In 80% of these cases, there will have been no signs or symptoms until it is too late, which is why at CRY, we believe screening is so vitally important. Any person aged 14-35 can go to to book an appointment for a free heart screening which includes an ECG. CRY also provides the follow up ultrasound test on the same day. CRY now tests around 30,000 young people each year and well over 190,000 since the screening programme was launched in 1995.

As was highlighted in Kevan’s short address at PMQs on July 2nd, our event was set against the controversial backdrop of the recent news that a revised consultation document from the National Screening Committee (NSC) is set to recommend ‘against’ screening for the risk of sudden cardiac death in the young.

I therefore must reiterate that whilst progress is being made to save young lives, this latest NSC consultation document is very disappointing.

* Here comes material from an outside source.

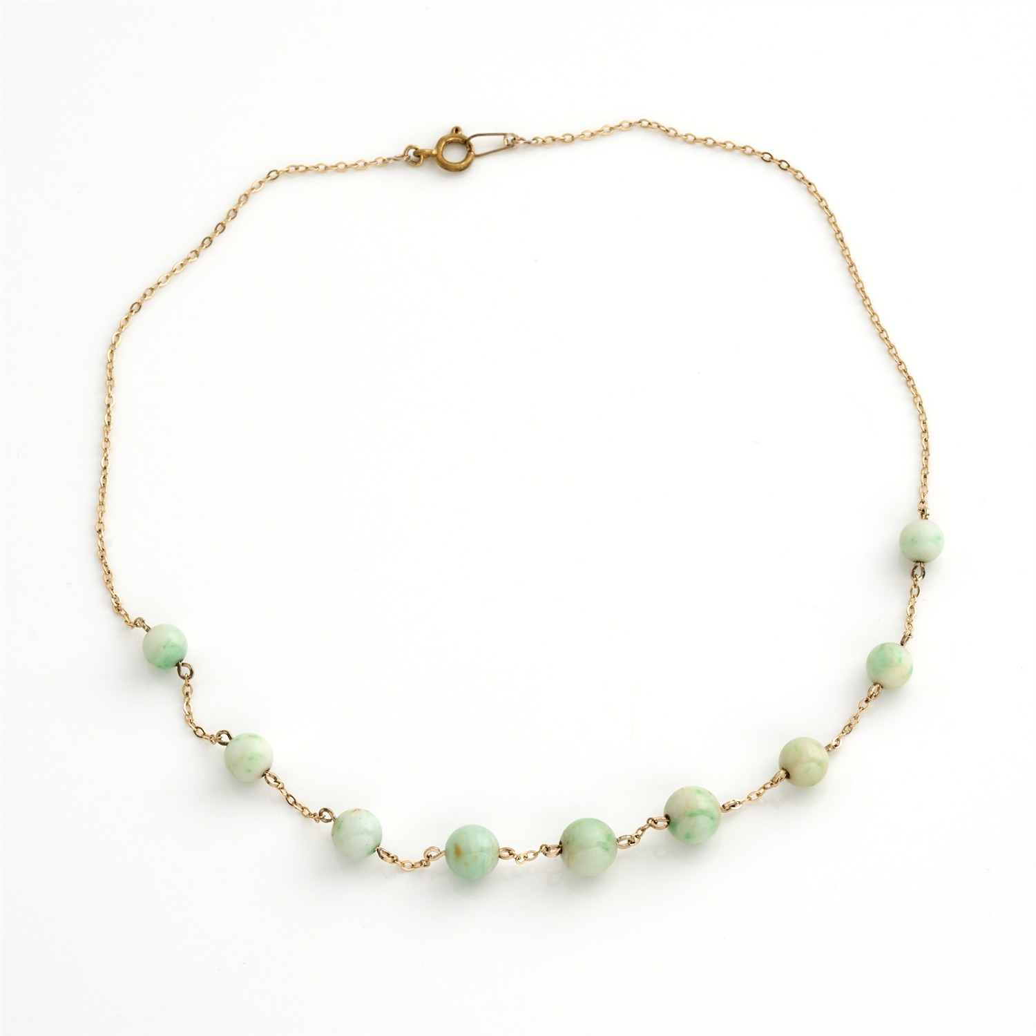 A GRADUATED DYED JADE BEAD NECKLACE IN GOLD PLATE, 460MM

It FAILS to demonstrate the impact of young sudden cardiac deaths on our society and does not objectively evaluate the overlap between the current routine use of the ECG in the NHS / medical practice for general diagnostics and monitoring, and its role in cardiac screening. Furthermore, it FAILS to stress that 1 in 300 people screened have a cardiac condition that can benefit from treatment or lifestyle advice.

 As a progressive society it cannot be acceptable that WE FAIL to act in response to the horrendous impact these conditions have on the family, friends and fabric of our local communities when left undiagnosed.


The number of MPs who have now signed a pledge to support a national strategy to prevent sudden cardiac death (#MPSupport4CRY) stands at 174.

CRY will be providing an official response before the deadline of 7th September 2019.